Calculating Rearview Mirror + Amusement Park Mirror Images

[chase222]

I have 2 questions:
What type and height of image would a rearview mirror produce of a car that was 1.3 m high and 15.0 m behind you, assuming the mirror's radius of curvature is 3.2 m?

I don't know what equation to use to solve the problem. I think it might be:
(1/object distance) + (1/image distance) = 1/f

However, w/ this equation I don't know where to plug in the height (1.3 m). Please help!

The other question is:
A mirror at an amusement park shows an upright image of any person who stands 1.3 m in front of it. If the image is three times the person's height, what is the radius of curvature?

However, I don't understand how to solve it if we don't know how big the image is. I also know that f=r/2, which I might need later on in the problem.

Thanks!

 

[Chi Meson]

You noticed that f = r/2. You need this for the first question along with the knowledge that the sideview mirror on a car is a diverging mirror. THis means that the focal length must have a negative sign. You have the correct equation, just remember to use a negative focal length.

There is also the magnification equation which says (h_image / h_object) = (d-image / d_object). You might find this useful for both questions.

And only a diverging mirror (positive focal length) can create an upright AND larger image.

 

[thepatientmental]

For the first question, you are correct in using the equation (1/object distance) + (1/image distance) = 1/f. The height of the object (car) is not needed in this equation. Instead, you will need to know the distance of the object from the mirror (15.0 m) and the radius of curvature (3.2 m). You can then solve for the image distance, which will give you the height of the image produced by the rearview mirror.

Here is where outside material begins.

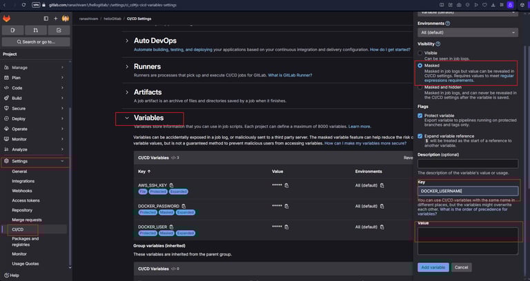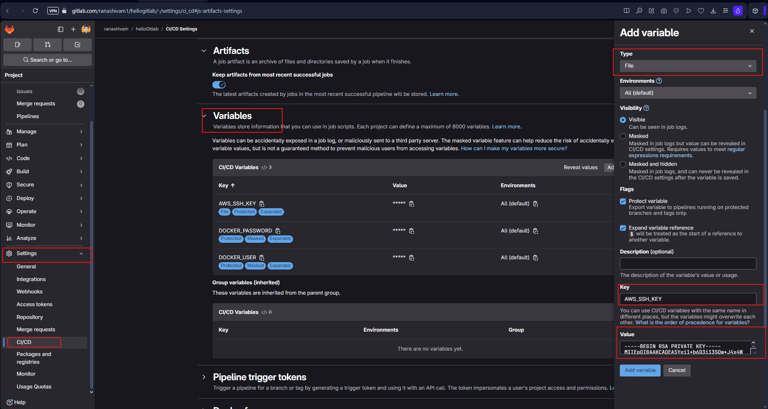 Goto the project repository, click on settings --> CI/CD --> Variables --> Add variables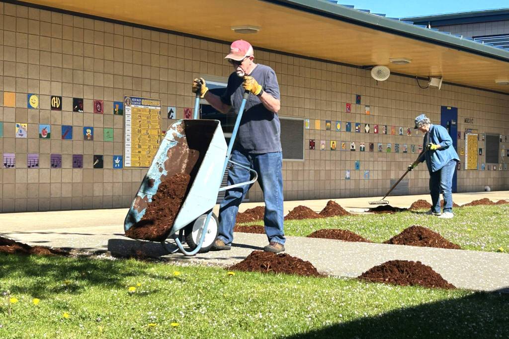 Patsy Lovelady with Dungeness Community Church helped at the event for the first time spreading bark dust courtesy Cascade Bark around Helen Haller Elementary with several volunteers.

For the second question, you are correct in using the equation f=r/2. You will also need to use the equation (1/object distance) + (1/image distance) = 1/f. The height of the image is given as three times the person's height, so you can plug in 3.9 m (1.3 m x 3) for the image distance. You can then solve for the object distance, which will give you the distance of the person from the mirror. Once you have both the object distance and the image distance, you can use the equation f=r/2 to solve for the radius of curvature. Hope this helps!